ASCII 文字列の範囲内で 'a' から 'z' までのアルファベット小文字を全て大文字にします。このメソッドは self を破壊的に変更して返しますが、置換が起こらなかった場合は nil を返します。

このメソッドはマルチバイト文字列を認識しますが、それはあくまでも「1 文字を 1 文字として認識する」だけであって、いわゆる全角アルファベットの大文字小文字までは変換しません。

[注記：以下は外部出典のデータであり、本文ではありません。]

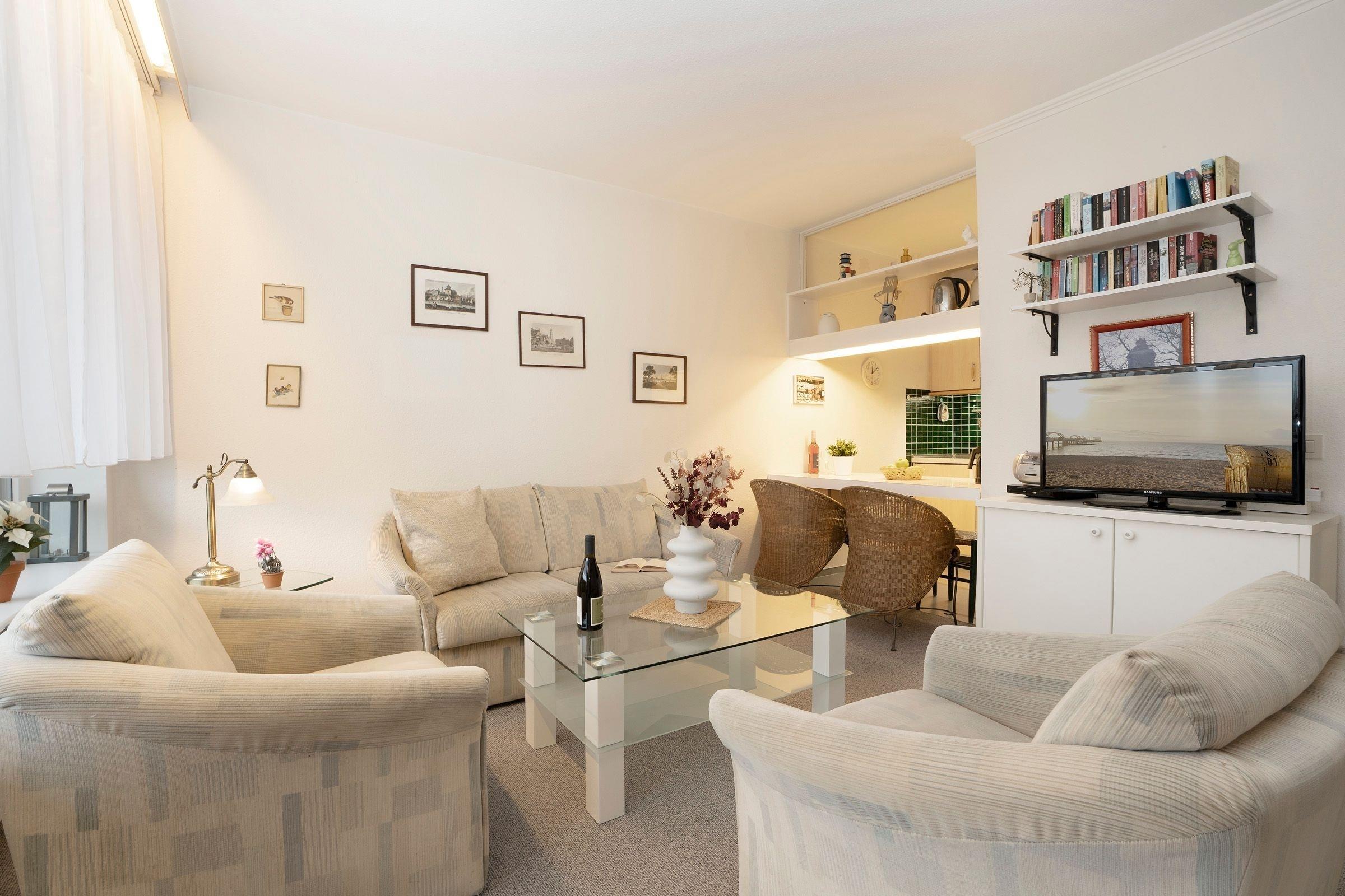 Hell und gemütlich eingerichtet erwartet Sie ein kombinierter Wohn- und Schlafraum. Das komfortable Schrankbett (2x 80x 200 cm) und ein bequemer Schlafsessel (80x200 cm) dienen als Schlafmöglichkeiten im Wohnbereich. Die gut ausgestattete Küche z. B. mit Mikrowelle mit Back- und Grillfunktion ist geschlossen, aber durch einen Küchentresen mit Sitzmöglichkeit mit dem Wohnbereich verbunden. Das innenliegende Badezimmer verfügt über eine Badewanne. Auf dem überdachten und möblierten Balkon können Sie die Morgensonne beim Frühstück genießen.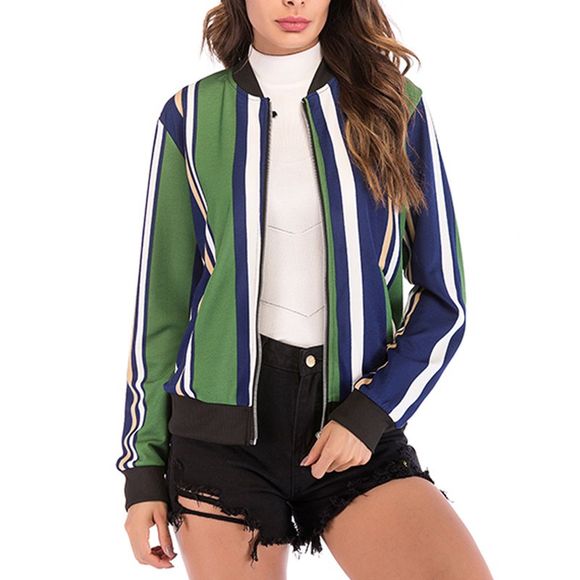 Col d'automne collier rayure couleur fermeture éclair manches longues manteau de baseball veste veste - Vert Printemps Moyen 2XL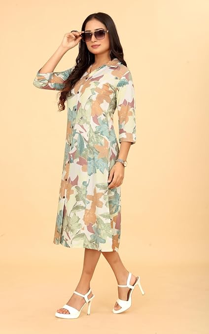 The Kesara A-Line Dress combines elegant western styling with comfortable rayon fabric, featuring a flattering floral print that enhances its feminine appeal. Its midi length and flared roll-tab sleeves provide a balanced silhouette, offering both style and freedom of movement. Ideal for casual or semi-formal occasions, this one-piece dress ensures effortless sophistication with every wear.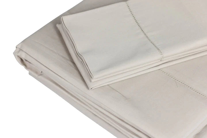 Beautiful 100% Egyptian Cotton sheets featuring hemstitching on the edge of the flat sheet and on the pillowcases.
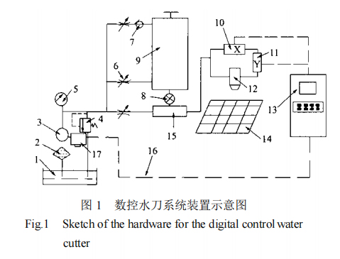 该数控水刀装置系统,具有人机交互方便、工作压力和切割比能耗较低、整套系统成本低廉等优点,而且能够实现机械切割设备难以实现的二维平面内的任意曲线加工,特别是在石材切割加工方面具有很好的应用发展前景。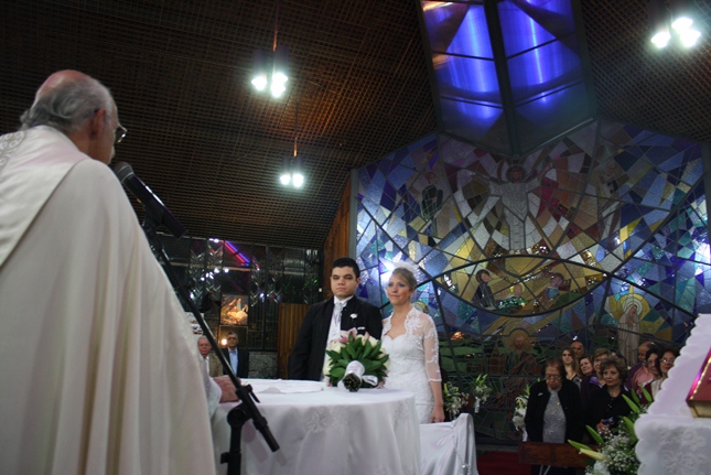 Neste sábado, 15/10/11, João Felix e Ana Karina receberam os sacramentos do casamento, na Capela da Universidade São Judas Tadeu. Padre Júlio Lancellotti celebrou o enlace, ressaltando, que era a união dos doutores da saúde e das leis, dos filhos queridos e amados da Comunidade. Receberam as bençãos da união na casa de Deus. As fotos exprimem um pouco desse momento tão sublime.

また、マルチバイト文字列に対応するためには $KCODE を設定する必要があります。文字列が Shift JIS エンコーディングで $KCODE が適切に設定されていないときは以下のようにマルチバイト文字の一部も変換してしまいます。

#coding:Shift_JIS
$KCODE = "SJIS"
str = "蟻"
str.upcase!
puts str   # => 蟻   ($KCODE が適切なので正しく無視された)

$KCODE = "NONE"
str = "蟻"
str.upcase!
puts str   # => 帰   ($KCODE が不適切なので誤って処理された)

例:

buf = "stRIng? STring."
buf.upcase!
p buf   # => "STRING? STRING."

[SEE_ALSO] String#upcase, String#downcase!, String#swapcase!, String#capitalize!